» Exercise objective: Beginning at the line with "- VIN: 1GCGTDEN2J1322782", please repeat each line exactly through the end of the records below, including that first line and the last, but no pictures.

» Source data:

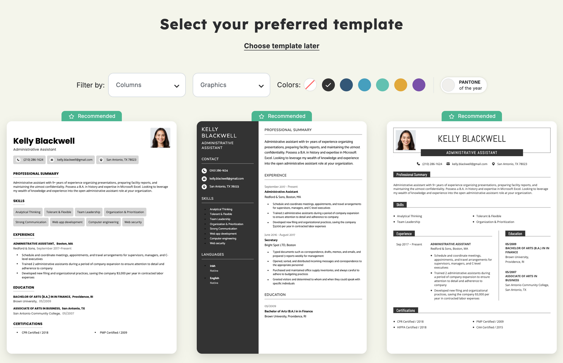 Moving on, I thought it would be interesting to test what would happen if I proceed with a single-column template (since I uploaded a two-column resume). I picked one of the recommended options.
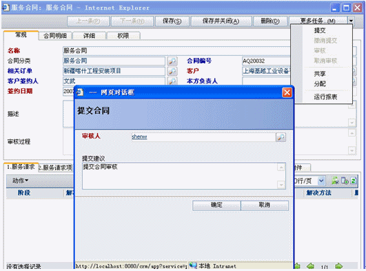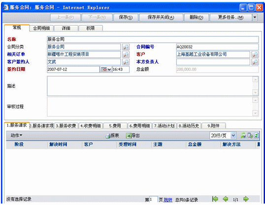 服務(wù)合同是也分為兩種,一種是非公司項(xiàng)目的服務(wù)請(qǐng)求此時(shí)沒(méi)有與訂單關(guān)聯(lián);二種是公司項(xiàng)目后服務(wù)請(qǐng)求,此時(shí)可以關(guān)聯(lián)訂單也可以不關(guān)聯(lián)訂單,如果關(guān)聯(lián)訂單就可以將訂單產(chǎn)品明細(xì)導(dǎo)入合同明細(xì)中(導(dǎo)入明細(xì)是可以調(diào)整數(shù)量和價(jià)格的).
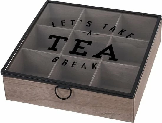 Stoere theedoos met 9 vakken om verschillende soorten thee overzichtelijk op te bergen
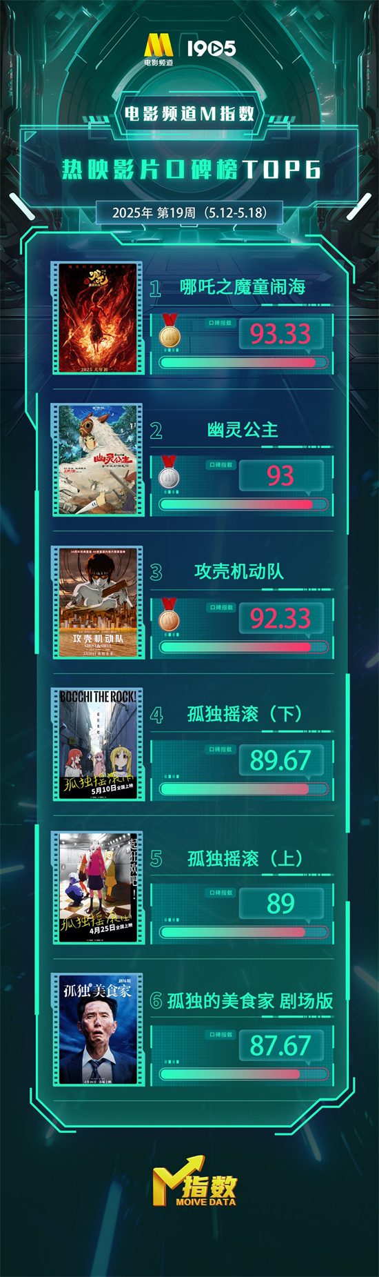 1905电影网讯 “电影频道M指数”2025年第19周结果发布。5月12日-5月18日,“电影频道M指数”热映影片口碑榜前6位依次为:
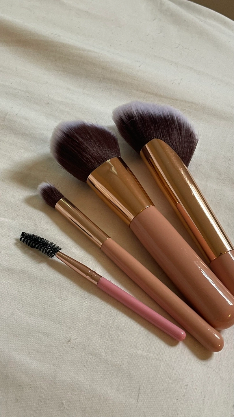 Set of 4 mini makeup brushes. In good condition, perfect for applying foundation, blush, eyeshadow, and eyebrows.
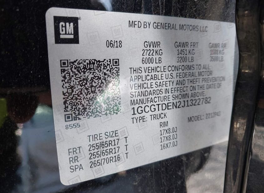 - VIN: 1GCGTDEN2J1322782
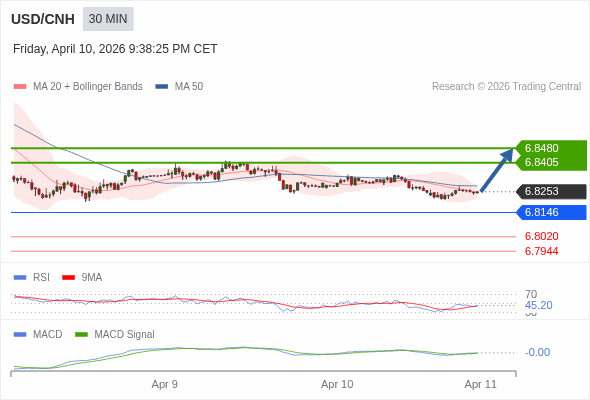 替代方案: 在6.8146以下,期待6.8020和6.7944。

» Response for this exercise:
 - VIN: 1GCGTDEN2J1322782
 替代方案: 在6.8146以下,期待6.8020和6.7944。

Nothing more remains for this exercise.